Once there, she encounters her brother about to dismember and burn their father's body. She informs him about what she has learned in the village and urges him not to do anything to their father's corpse. Her brother then goes through the house and arranges mannequins to appear as if they have fortified the household. She believes her brother is going mad and moves to an area of the property she calls "the vault," somewhere her brother is afraid to go. She brings a book of spells which she continuously writes in.

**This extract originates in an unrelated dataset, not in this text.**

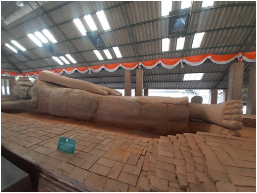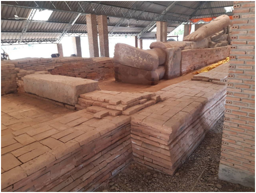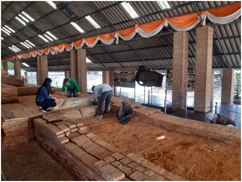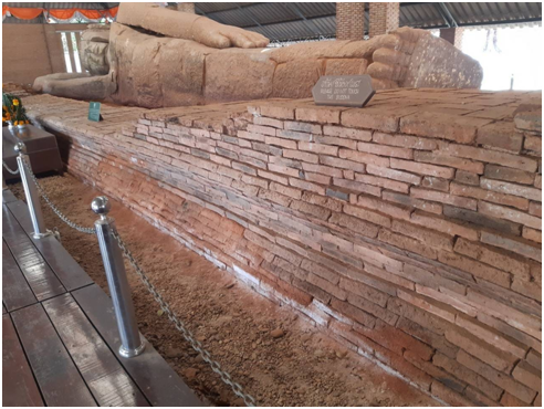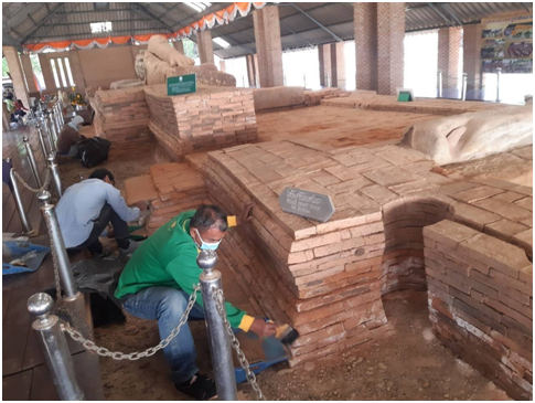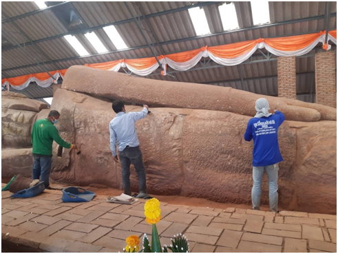 การดำเนินงานทำความสะอาดคราบเกลือที่เกิดจากความชื้นและความเค็มของดิน โบราณสถานพระนอน ณ วัดธรรมจักรเสมาราม ตำบลเสมา อำเภอสูงเนิน จังหวัดนครราชสีมา โดย นางสาวนิตยา สาระรัตน์ นายช่างศิลปกรรมอาวุโส และคณะ

Her brother begins building a shooting post from two letters on the property and dons himself king with a dead raccoon cap. She remains in the vault chronicling her thoughts. A figure emerges from the forest on a machine they have never seen before. It's the mine inspector who the main character now believes is her prince. He finds her in the vault, making a horrific discovery. He has looked at the baptismal records and sees that there are supposed to be twin sisters on this property.

The mine inspector ventures into the vault and sees a humanoid figure bandaged from head to toe, still alive and another figure, a skeleton, hidden behind a glass case. The narrator explains that she believes they have been there forever and her father used to attend to them and spend time with them but then stopped and she has been feeding and tending to them ever since. The living figure is referred to as the 'Fair Punishment'.

She makes it further obvious the Fair Punishment is her twin and the decomposed body in the glass case is her mother, although she does not understand it. When the twins were four years old, the Fair Punishment had a habit of playing with matches that resulted in a fire which killed their mother. The Fair Punishment survived but was severely burned, and the father believed being burned alive was her punishment for her misdeeds. The mine inspector then tells her he wants to take her to safety. He also points out that she is pregnant with her brother's child. They leave on his motorcycle. He is her prince and they are riding away on his steed. As they are riding into the pines, the inspector is shot in the back by the brother. He is killed instantly.

She returns to the vault as more villagers begin to appear at the property. As her brother surrenders, she packs up belongings and escapes into the pines. The book ends with her giving birth.

==Film adaptation==
A film adaptation by Simon Lavoie, The Little Girl Who Was Too Fond of Matches, was released in 2017, and garnered seven nominations at the Canadian Screen Awards.